Member of the Municipal Council of Lampa
- In office 6 December 2004 – 6 December 2016

Personal details
- Born: 10 March 1968 Batuco, Santiago, Chile
- Died: 5 October 2022 (aged 54) Batuco, Santiago, Chile
- Party: PH Independent
- Occupation: Politician

= Alejandra González Pino =

Chilean politician (1968–2022)

Alejandra González Pino (10 March 1968 – 5 October 2022) was a Chilean politician. She was the first transgender person to be elected to a political office in Chile and one of the first in Latin America after Kátia Tapety in Brazil in 1992.

==Biography==
From a young age, González had felt as though she identified as a woman. In 1995, she joined a circus of drag queens in her neighborhood and owned her own hair salon. She gave hairdressing classes to those infected with HIV/AIDS at San José Hospital in Santiago. In 2002, she met with TECHO, for whom she served as a municipal and provincial representative.

===Political career===
In 2004, González was elected to the municipal council of Lampa as an independent within the Juntos Podemos Más coalition. She received 6.8% of the vote and became the first transgender person to serve in a political office in Chile. She was re-elected in 2008 with 6.3% of the vote within the Concertación list and was re-elected again in 2012 with 9.5% of the vote. She lost her mandate in 2016, having only received 2.5% of the vote.

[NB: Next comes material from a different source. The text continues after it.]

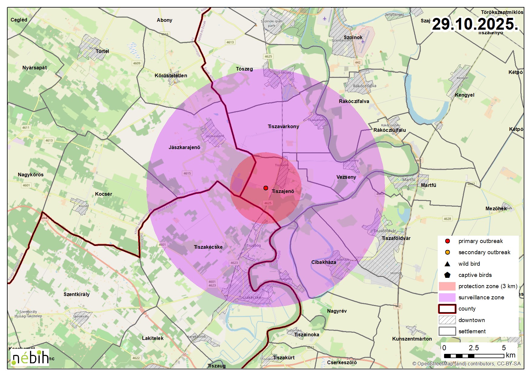 Jász-Nagykun-Szolnok Vármegyei Kormányhivatal Agrárügyi Főosztály határozata megfigyelési (felügyeleti) körzet elrendeléséről madásinfluenza miatt: 2025.10.29. letöltés

In 2012, González became Chile's first transgender deputy mayor when Graciela Ortúzar left her office to campaign elsewhere. In 2014, she invoked the anti-discrimination law against Ortúzar, who was sentenced by the Supreme Court of Chile in 2017 to pay a fine, a ruling described as historic by González and LGBT rights groups.

Alejandra González Pino died of heart failure in Batuco on 5 October 2022, at the age of 54.